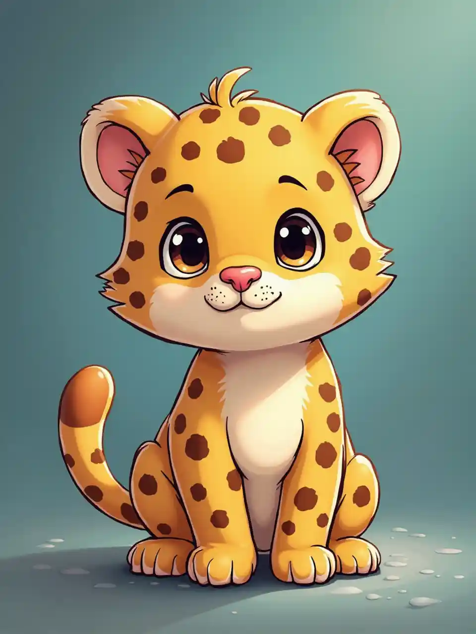 Williamcute, fluffy, jaguar, full view, chibi style, disney style, cartoon style, pixar style, akikabiliwa na kushoto kufanya kuangalia futuristic
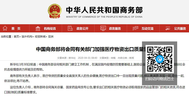 商务部:将加强医疗物资出口质量管理
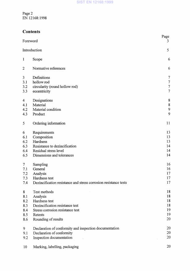 EN 12168:1998 is a standard published by the European Committee for Standardization (CEN). Its full title is "Copper and copper alloys - Hollow rod for free machining purposes". This standard covers: This European Standard specifies the composition, property requirements and dimensional tolerances for copper alloy hollow rod supplied in straight lengths, specifically intended for free machining purposes. Note: Hollow products having an outside diameter greater than 80 mm, and/or a wall thickness less than 2 mm, are specified in prEN 12449. The sampling procedures, the methods of test for verification of conformity to the requirements of this standard, and the delivery conditions are also specified.
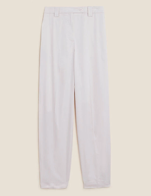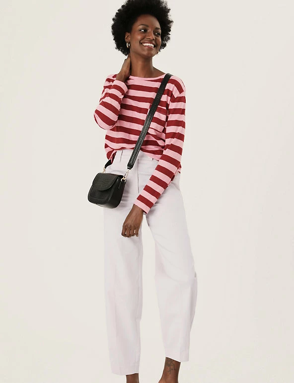 Add a tailored touch to your ensemble with these cotton-rich trousers. They come in a tapered fit with back darts for a flattering shape. Secure button and zip fastening at the high waist. Handy side and back pockets, belt loops for added detail. We only ever use responsibly sourced cotton for our clothes.
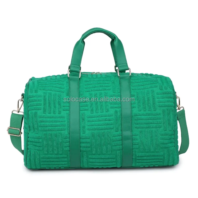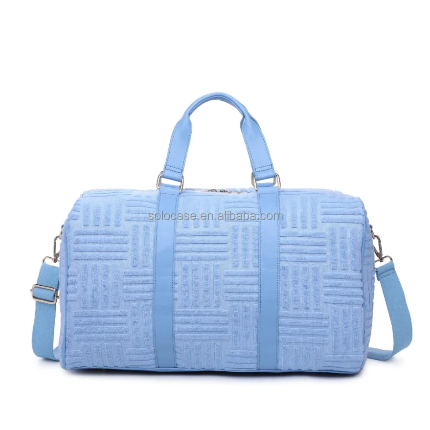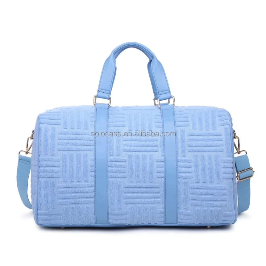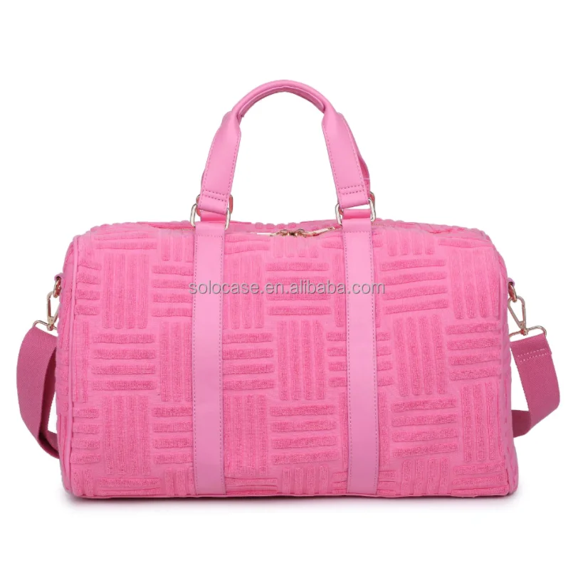 Women’s Fashion Terry Duffle Bag Stylish Soft Pink Terry Cloth Embossed Duffle Bag
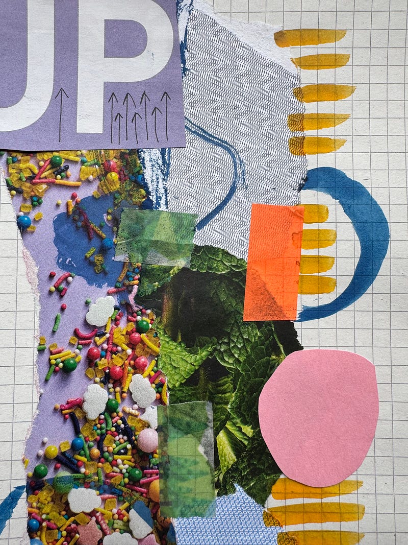Inspired by this morning’s reading I’ve started a new sketchbook - speedy collage & drawing exercises as balance to my usual slower stitching
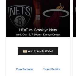 Miami Heats v Brooklyn Nets $125Hollywood, FL
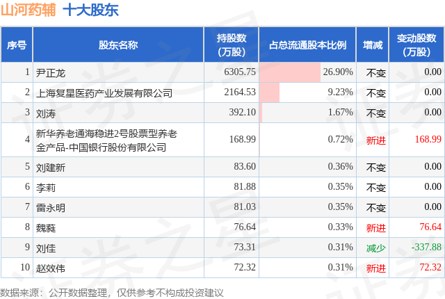 根据山河药辅2025年三季报公布的十大股东详情如下:
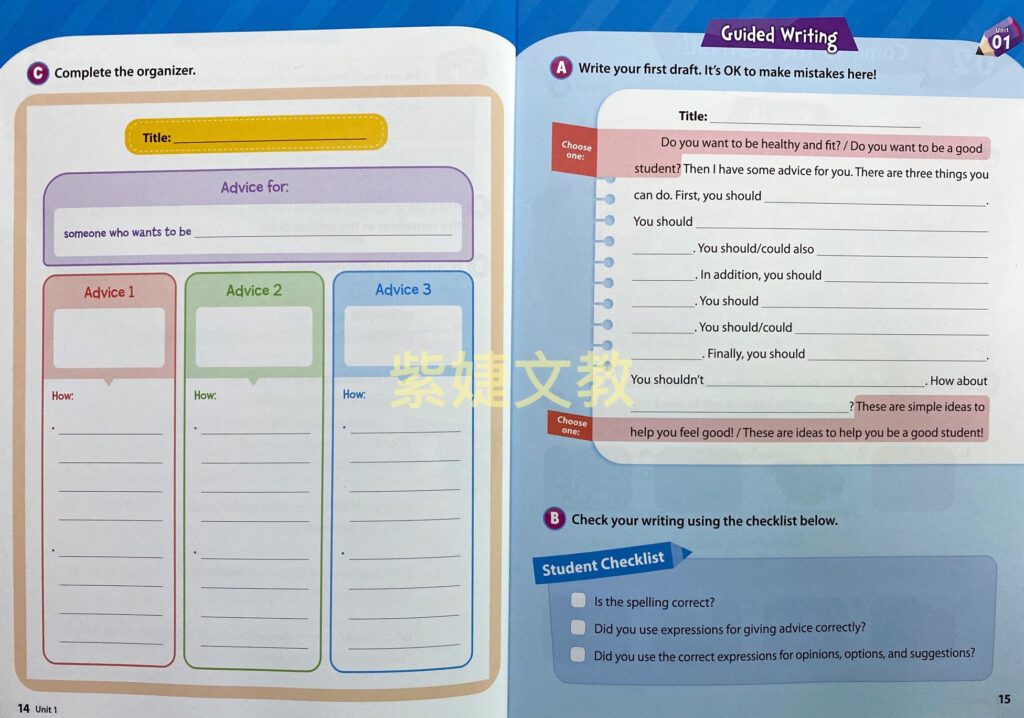 - Fundamental writing patterns and sentence structures highlighted in each unit to build students’ language skills
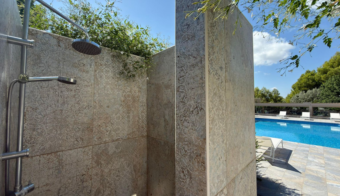 At the heart of the estate lies the saltwater swimming pool with a heating system, perfect for year-round enjoyment. Surrounding the pool, a spacious terrace offers cozy chill-out areas, designed for relaxation and quality time with family and friends.
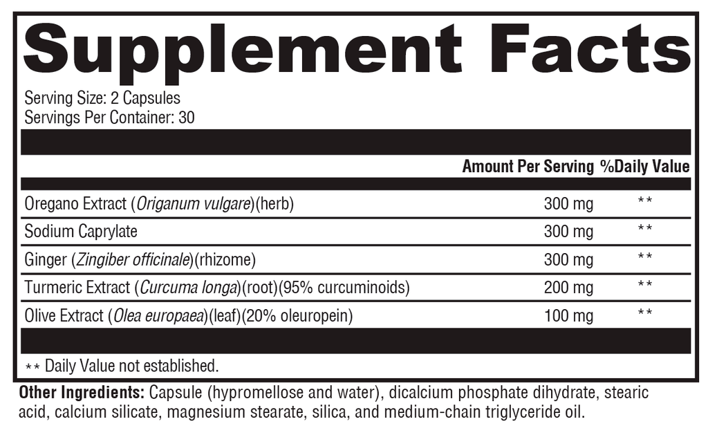 Candicidal™ offers a complementary blend of herbs, essential oils, and sodium caprylate, a naturally occurring fatty acid. Candicidal is formulated to support the body’s immune system as well as a healthy gastrointestinal (GI) flora. This comprehensive formula contains herbs to support digestion and a healthy GI system.*
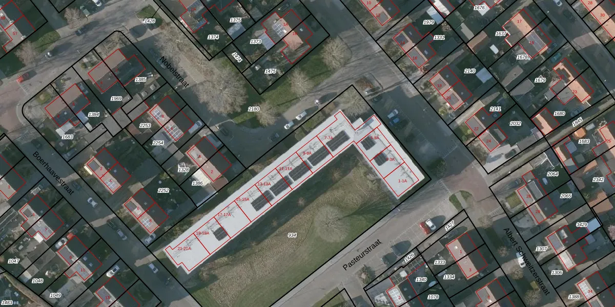 Het perceel waarop Pasteurstraat 9 staat heeft een oppervlakte van 3380 m². Dit is een zeer groot perceel. De perceeloppervlakte wordt geregistreerd door het Kadaster. Gedetailleerde informatie over de maten van dit perceel kunt u vinden in het rapport Kadastrale kaart met maatvoering van Pasteurstraat 9.
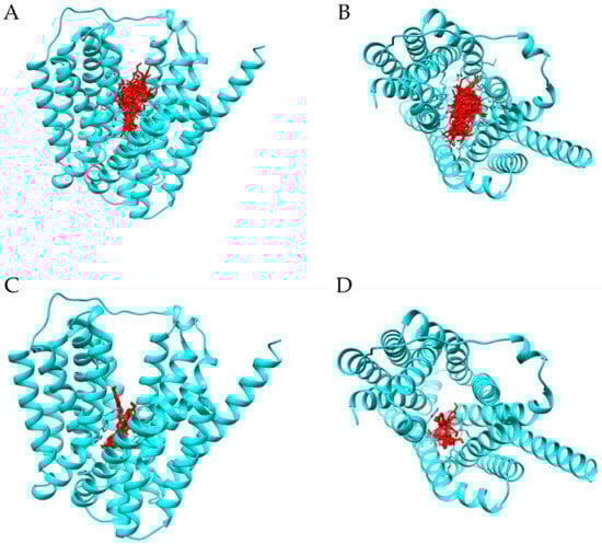 Different orientations of reserpine (red, (A,B)) and resveratrol (red, (C,D)) obtained in the docking with Staphylococcus aureus NorA efflux pump (blue). Using a grid covering the entire protein, it is possible to observe that all conformations are presented in the same location, suggesting a credible binding site of reserpine in the NorA pump.
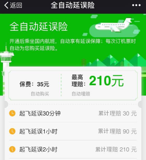 随着冬季冰雪的到来,航班延误将再次进入高峰期。微信推出的“全自动延误险”保费35元,最高理赔210元,具体为:
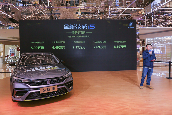 全新i5自预售开启后,订单不断,来自客户和媒体平台的赞誉众多。上市发布会现场,上汽荣威西北大区销售总监李明揭晓了全新i5的上市车型及价格,作为国潮代表的车企典范,上汽荣威依旧秉承回馈客户的理念,全新i5一经上市就先给出了优惠,并推出了5大上市焕新豪礼。
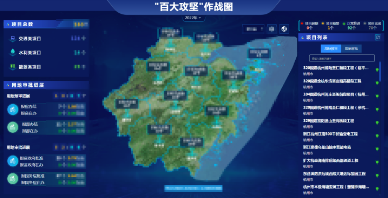 省域空间治理数字化平台正式上线,浙江用地项目首次在省级部门实现“审批等项目”。今年6月30日,全省数字化改革推进会传来这一好消息。7月11日,记者在省自然资源厅见证了这一新突破的现实场景:2022年全省百大项目用地审批“作战图”上,大部分项目进度在“省级审查”一栏是绿色字体的“已完成”。
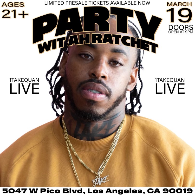 1TakeQuan will be performing on March 19th in LA! Get your tickets here: https://www.eventbrite.com/e/party-wit-ah-ratchet-1takequan-live-tickets-561002251837
§
● **What needs to be done**:
Start at the top of the entries and repeat each line exactly, ending at the line that contains "EN 12168:1998 is". Pictures are not part of the copy.

● **Answer space**:
 Williamcute, fluffy, jaguar, full view, chibi style, disney style, cartoon style, pixar style, akikabiliwa na kushoto kufanya kuangalia futuristic
 商务部:将加强医疗物资出口质量管理
 EN 12168:1998 is a standard published by the European Committee for Standardization (CEN). Its full title is "Copper and copper alloys - Hollow rod for free machining purposes". This standard covers: This European Standard specifies the composition, property requirements and dimensional tolerances for copper alloy hollow rod supplied in straight lengths, specifically intended for free machining purposes. Note: Hollow products having an outside diameter greater than 80 mm, and/or a wall thickness less than 2 mm, are specified in prEN 12449. The sampling procedures, the methods of test for verification of conformity to the requirements of this standard, and the delivery conditions are also specified.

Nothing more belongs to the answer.